Many Bacillus subtilis strains simultaneously produce some lipopeptide antibiotics, whose peptide moiety is synthesized nonribosomally by large template enzyme complexes (e.g., B. subtilis RB14 [33]). Such lipopeptide antibiotics identified thus far have been divided into three groups according to their structure, as follows: the surfactin group (28), the plipastatin and fengycin group (34), and the iturin group (10, 24, 27). Iturin group lipopeptides are composed of seven {alpha}-amino acids and one ß-amino acid with a long lipid moiety and are potent antifungal agents (24). Three distinct operons that belong to the iturin group have been cloned and sequenced thus far: the mycosubtilin operon of B. subtilis ATCC 6633 (3), the iturin A operon of B. subtilis RB14 (33), and the bacillomycin D operon of B. amyloliquefaciens FZB42 (19). All of these operons are composed of a putative transcriptional unit with four genes: one small gene that encodes malonyl-coenzyme A transferase and is probably responsible for ß-amino acid synthesis and three large genes that encode large template enzymes for the synthesis of peptides with defined sequences and chiralities.
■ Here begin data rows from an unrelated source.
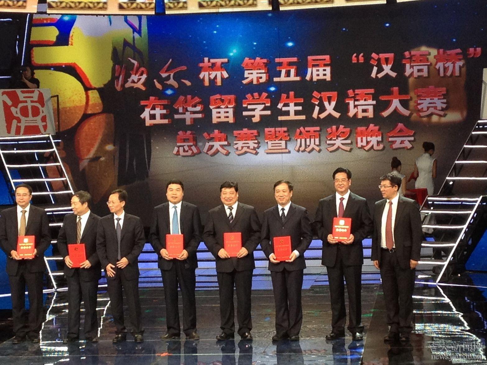 国际合作与交流处处长兼汉语国际推广办公室主任刘德斌、国际语言学院副院长刘富华等陪同出席了决赛现场和颁奖晚会。(国际合作与交流处)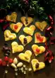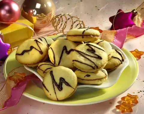 Remove from the oven, carefully remove from the baking paper, place on a grid and allow to cool well. Spread half of the cookies (the undersides) with rosehip jam. Place one cookie on each side. Coarsely chop the chocolate coating, place in a bowl and melt in a hot water bath. Leave to cool a little. Pour into a small freezer bag and cut off a corner with sharp scissors. Decorate the cookies with the chocolate coating and let them dry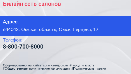 Билайн, сеть салонов по адресу 644043, Омская область, Омск, Герцена, 17 в дальнейшем Организация, размещена в следующих категориях:
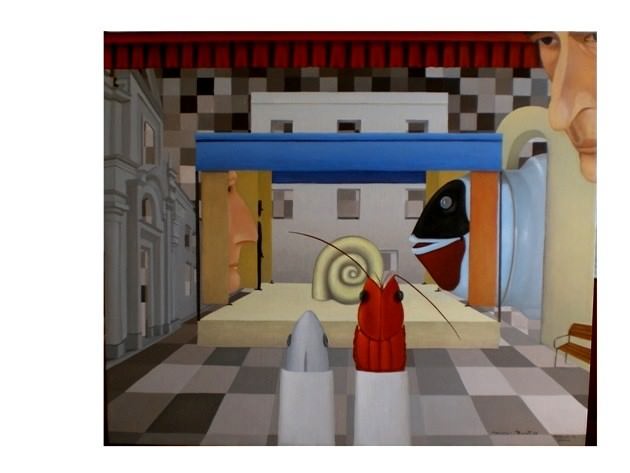 Gli scenari della realtà caprese (piazze, chiese, angoli di paesaggio) e di altri soggetti sono un pretesto per lasciarsi trasportare dal sogno e dall’inconscio, creando suggestive affabulazioni sceniche, composizioni oniriche pervase da una sottile ironia, in uno spazio ermetico e atemporale.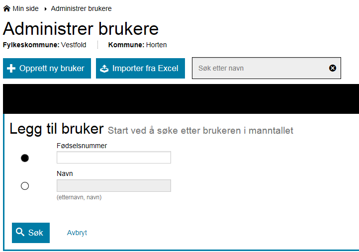 For kommuner og fylkeskommuner med mange brukere kan det være nyttig å søke opp brukere dersom du har behov for å redigere eller slette brukere. Dette gjør du på førstesiden under "Administrer brukere".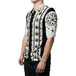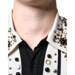 Dolce & Gabbana White Black Silk Studded Stone Crystal Shirt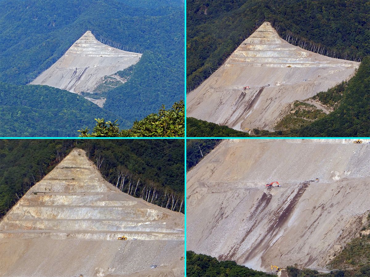 今回は、登山道入口から少し入った場所までしか確認していませんが、古い木道が撤去されて、太い枕木状の木材が敷かれていました。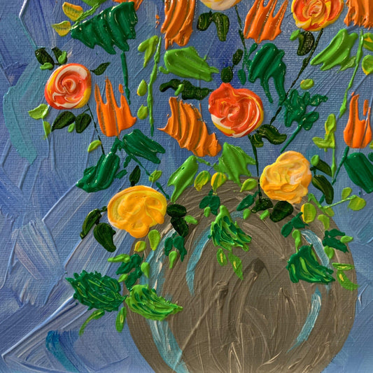 Sunny Flowers in a Vase, Abstract Floral Painting, 8" x 10" Signed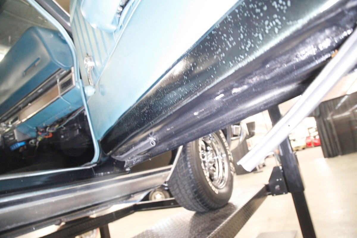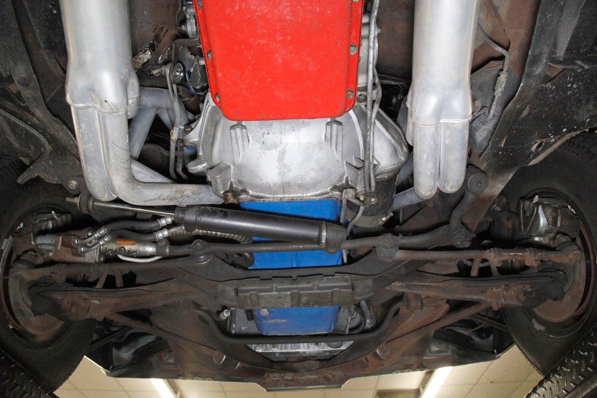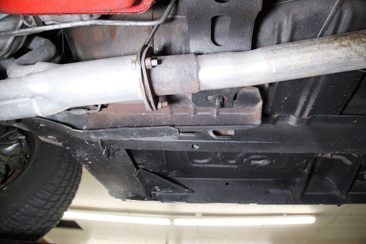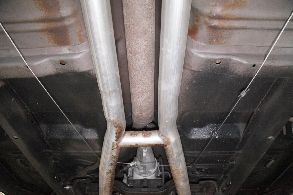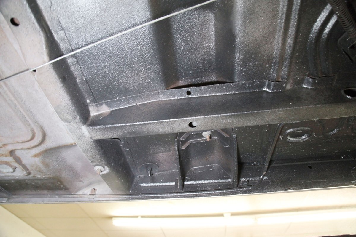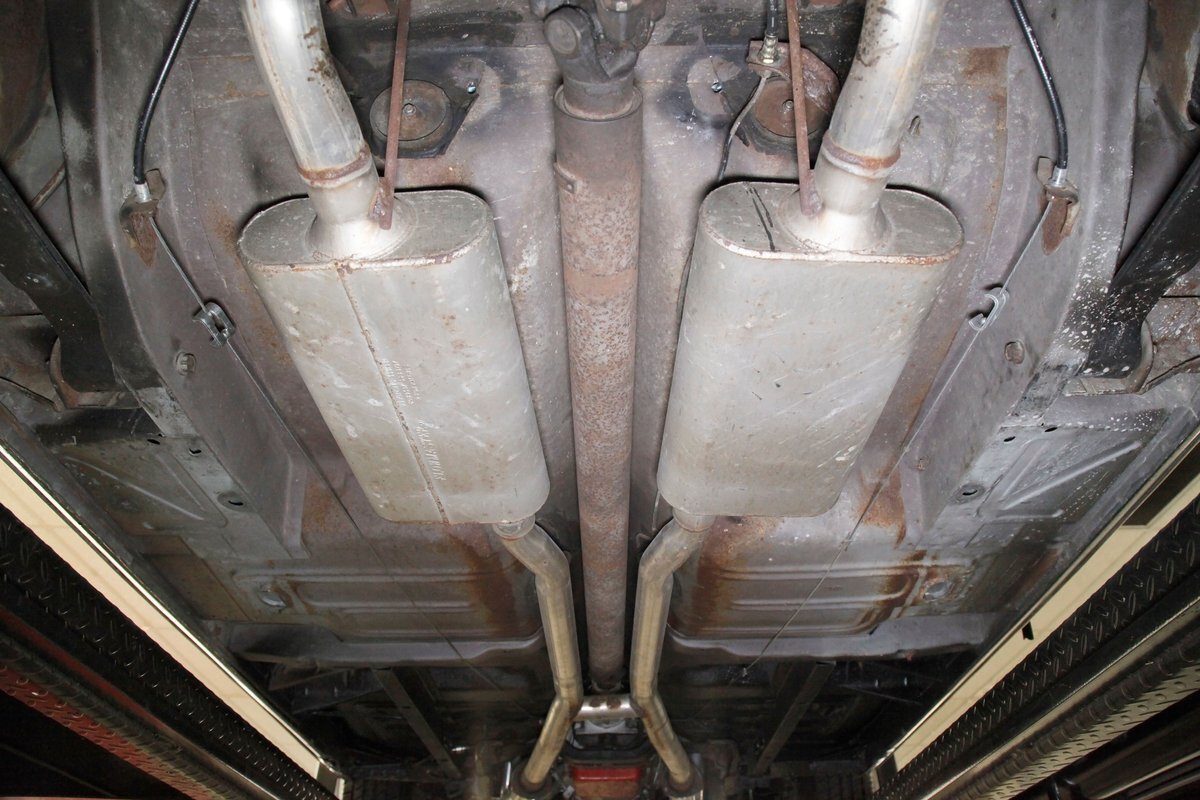 A bit of very light surface rust pan the floor pans and inner fenders but certainly structurally sound. We see dual exhaust making its way rearward, independent coil springs suspension in front, and leaf springs for the back. Power disc braking is on all 4 corners and new shocks have been added to this very clean environment underneath.

Although the percent amino acid sequence identities between the operons range from approximately 75% to 85%, the flanking regions of the operons are quite different from each other, as shown in Fig. 1. The flanking region of the mycosubtilin operon is identical to that of the plipastatin operon of B. subtilis 168 (3). On the other hand, the iturin A and bacillomycin D operons are flanked by sequences homologous to xynD of strain 168 (19, 33) (Fig. 1). These findings strongly indicate the dynamic features of the iturin group operons.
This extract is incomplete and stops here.